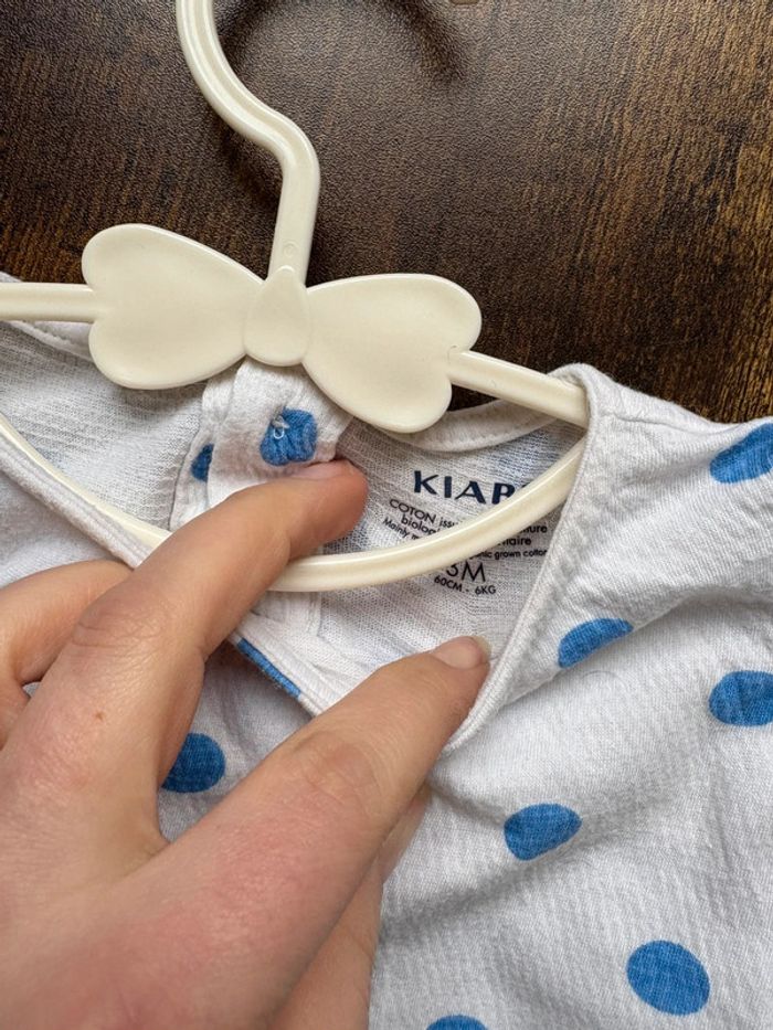 TEE shirt manches courtes Blanc et pois bleu Kiabi 🛍️D’autres vêtements 3m en vente: #orlanecollerie3mois
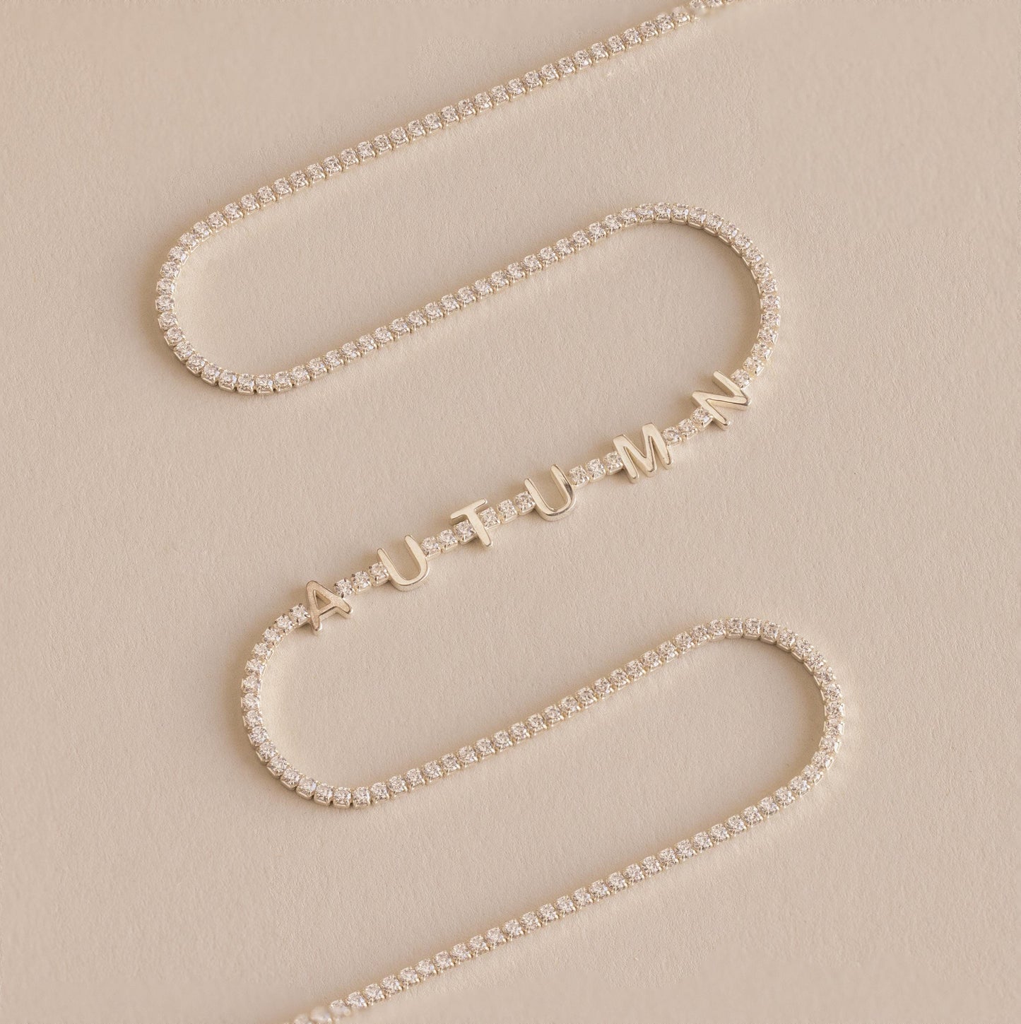 Get ready to shine with our Diamond Tennis Letter Necklace, featuring custom letter charms spaced along a timeless tennis chain. Perfect for spelling out your name, a loved one’s, or a word that inspires you, this necklace is as meaningful as it is glamorous ✨
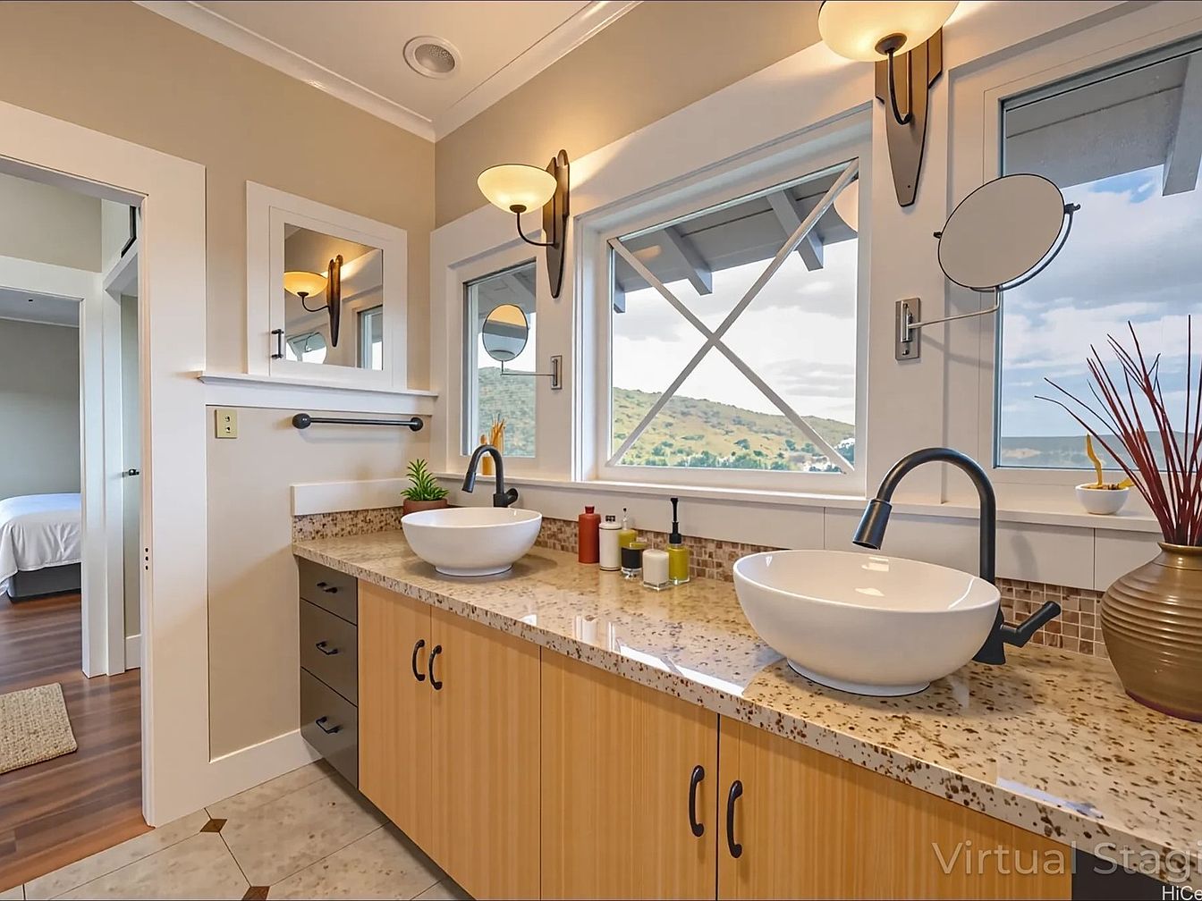 A spacious bathroom vanity area features light wood cabinetry with black handles and a beige speckled countertop. Two modern vessel sinks with sleek black faucets sit side by side, accompanied by a mix of practical items—soap dispensers, a small plant, and reed diffusers. Above each sink, simple white-framed mirrors hang on pale tan walls, flanked by contemporary wall sconces providing warm illumination. Large windows directly above the counter allow abundant natural light, showcasing views of green hills outside. Light tile floors and clean white trim complete the look, while a glimpse of an adjoining bedroom with wooden floors adds warmth and connection.
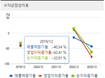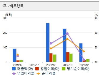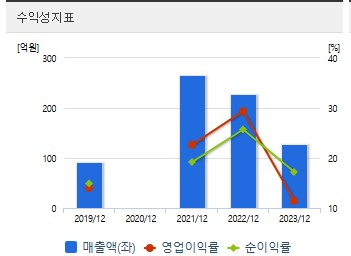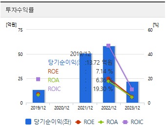 당기순이익: 2021년 51억 원, 2022년 59억 원, 2023년 22억 원
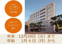 相良病院、さがらパース通りクリニックの年末の外来診療は、12月29日(火)までです。
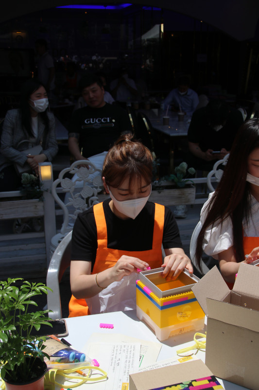 뜨거운 햇살에 마스크까지 쓰고 많이 더웠지만 예쁘게 만들어서 팬들과 소통하고, 수익금도 기부된다고 하니 바로 집중모드로 변신!
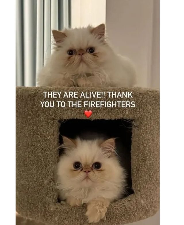 “Ato janë gjallë!!” ka shkruar ajo në një tjetër foto të dy maceve. “Faleminderit zjarrfikësve.”
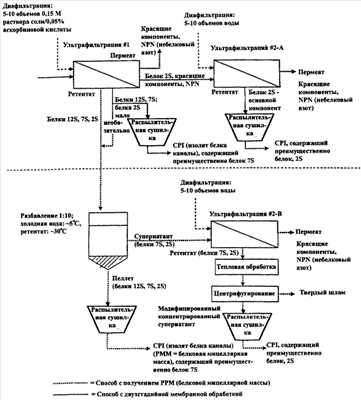 Таким образом, в дополнительном аспекте настоящего изобретения обеспечивается способ получения изолята белка канолы, который включает (а) обеспечение водного раствора белка канолы, полученного из муки из масличных семян канолы и содержащего белки канолы 12S, 7S и 2S; (б) повышение концентрации белка в водном растворе с использованием селективной мембранной технологии, которая является эффективной для удерживания белков канолы 7S и 12S в ретентате и пропускания белка 2S через мембрану в виде пермеата с обеспечением концентрированного белкового раствора; (в) сушку ретентата со стадии (б) с получением изолята белка канолы, состоящего преимущественно из белка канолы 7S и имеющего содержание белка, по меньшей мере, примерно 90 мас.% (N×6,25) в сухом веществе (d.b.); (г) повышение концентрации пермеата со стадии (а) с использованием селективной мембранной технологии, которая является эффективной для удерживания белка канолы 2S в ретентате и пропускания через мембрану низкомолекулярных загрязняющих веществ в пермеат, и (д) сушку ретентата со стадии (г) с обеспечением изолята белка канолы, состоящего преимущественно из белка 2S и имеющего содержание белка, по меньшей мере, примерно 90 мас.% (N×6,25) d.b.
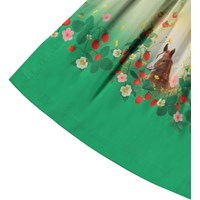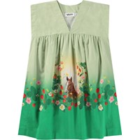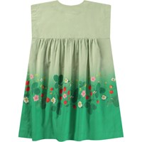 Ljusgrön och mörkgrön lös klänning i ekologisk bomull. Klänningen är knälång, med breda axelband, en v-ringning och rynkning i kjolen. Materialet i klänningen är lätt och luftigt, vilket gör den idealisk för poolen eller stranden. Klänningen har en ponny omgiven av färska jordgubbar framtill.
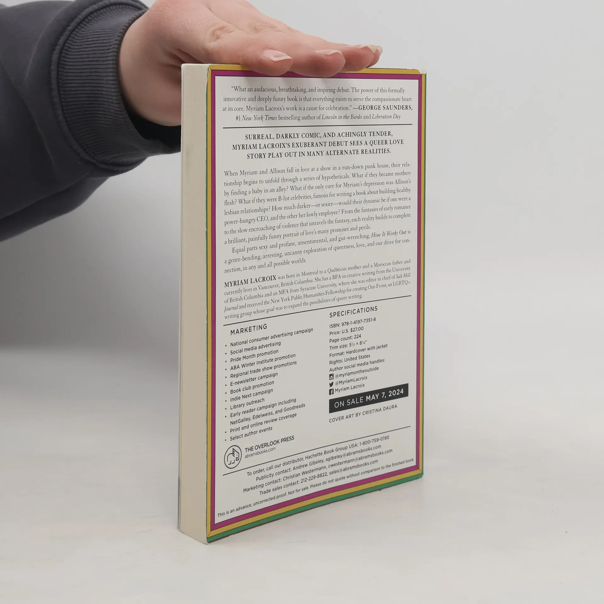 "Audacious, breathtaking, and inspiring." --GEORGE SAUNDERS "Madcap, delirious, exhilaratingly good." --KELLY LINK "A delightfully bizarre and unabashedly queer revelation." --TEGAN and SARA QUIN "A beautifully brilliant, hilariously sad stunner of a debut that never forgets about the heart." --NANA KWAME ADJEI-BRENYAH What if you had the chance to rewrite the course of your relationship, again and again, in the hopes that it would work out? When Myriam and Allison fall in love at a show in a run-down punk house, their relationship begins to unfold through a series of hypotheticals. What if they became mothers by finding a baby in an alley? What if the only cure for Myriam's depression was Allison's flesh? What if they were B-list celebrities, famous for writing a book about building healthy lesbian relationships? How much darker--or sexier--would their dynamic be if one were a power-hungry CEO, and the other her lowly employee? From the fantasies of early romance to the slow encroaching of violence that unravels the fantasy, each reality builds to complete a brilliant, painfully funny portrait of love's many promises and perils. Equal parts sexy and profane, unsentimental, and gut-wrenching, How It Works Out is a genre-bending, arresting, uncanny exploration of queerness, love, and our drive for connection, in any and all possible worlds.

▶ _Work to complete_
Set down all the lines above exactly as they appear, with no pictures.

▶ _Output below_
 TEE shirt manches courtes Blanc et pois bleu Kiabi 🛍️D’autres vêtements 3m en vente: #orlanecollerie3mois
 Get ready to shine with our Diamond Tennis Letter Necklace, featuring custom letter charms spaced along a timeless tennis chain. Perfect for spelling out your name, a loved one’s, or a word that inspires you, this necklace is as meaningful as it is glamorous ✨
 A spacious bathroom vanity area features light wood cabinetry with black handles and a beige speckled countertop. Two modern vessel sinks with sleek black faucets sit side by side, accompanied by a mix of practical items—soap dispensers, a small plant, and reed diffusers. Above each sink, simple white-framed mirrors hang on pale tan walls, flanked by contemporary wall sconces providing warm illumination. Large windows directly above the counter allow abundant natural light, showcasing views of green hills outside. Light tile floors and clean white trim complete the look, while a glimpse of an adjoining bedroom with wooden floors adds warmth and connection.
 당기순이익: 2021년 51억 원, 2022년 59억 원, 2023년 22억 원
 相良病院、さがらパース通りクリニックの年末の外来診療は、12月29日(火)までです。
 뜨거운 햇살에 마스크까지 쓰고 많이 더웠지만 예쁘게 만들어서 팬들과 소통하고, 수익금도 기부된다고 하니 바로 집중모드로 변신!
 “Ato janë gjallë!!” ka shkruar ajo në një tjetër foto të dy maceve. “Faleminderit zjarrfikësve.”
 Таким образом, в дополнительном аспекте настоящего изобретения обеспечивается способ получения изолята белка канолы, который включает (а) обеспечение водного раствора белка канолы, полученного из муки из масличных семян канолы и содержащего белки канолы 12S, 7S и 2S; (б) повышение концентрации белка в водном растворе с использованием селективной мембранной технологии, которая является эффективной для удерживания белков канолы 7S и 12S в ретентате и пропускания белка 2S через мембрану в виде пермеата с обеспечением концентрированного белкового раствора; (в) сушку ретентата со стадии (б) с получением изолята белка канолы, состоящего преимущественно из белка канолы 7S и имеющего содержание белка, по меньшей мере, примерно 90 мас.% (N×6,25) в сухом веществе (d.b.); (г) повышение концентрации пермеата со стадии (а) с использованием селективной мембранной технологии, которая является эффективной для удерживания белка канолы 2S в ретентате и пропускания через мембрану низкомолекулярных загрязняющих веществ в пермеат, и (д) сушку ретентата со стадии (г) с обеспечением изолята белка канолы, состоящего преимущественно из белка 2S и имеющего содержание белка, по меньшей мере, примерно 90 мас.% (N×6,25) d.b.
 Ljusgrön och mörkgrön lös klänning i ekologisk bomull. Klänningen är knälång, med breda axelband, en v-ringning och rynkning i kjolen. Materialet i klänningen är lätt och luftigt, vilket gör den idealisk för poolen eller stranden. Klänningen har en ponny omgiven av färska jordgubbar framtill.
 "Audacious, breathtaking, and inspiring." --GEORGE SAUNDERS "Madcap, delirious, exhilaratingly good." --KELLY LINK "A delightfully bizarre and unabashedly queer revelation." --TEGAN and SARA QUIN "A beautifully brilliant, hilariously sad stunner of a debut that never forgets about the heart." --NANA KWAME ADJEI-BRENYAH What if you had the chance to rewrite the course of your relationship, again and again, in the hopes that it would work out? When Myriam and Allison fall in love at a show in a run-down punk house, their relationship begins to unfold through a series of hypotheticals. What if they became mothers by finding a baby in an alley? What if the only cure for Myriam's depression was Allison's flesh? What if they were B-list celebrities, famous for writing a book about building healthy lesbian relationships? How much darker--or sexier--would their dynamic be if one were a power-hungry CEO, and the other her lowly employee? From the fantasies of early romance to the slow encroaching of violence that unravels the fantasy, each reality builds to complete a brilliant, painfully funny portrait of love's many promises and perils. Equal parts sexy and profane, unsentimental, and gut-wrenching, How It Works Out is a genre-bending, arresting, uncanny exploration of queerness, love, and our drive for connection, in any and all possible worlds.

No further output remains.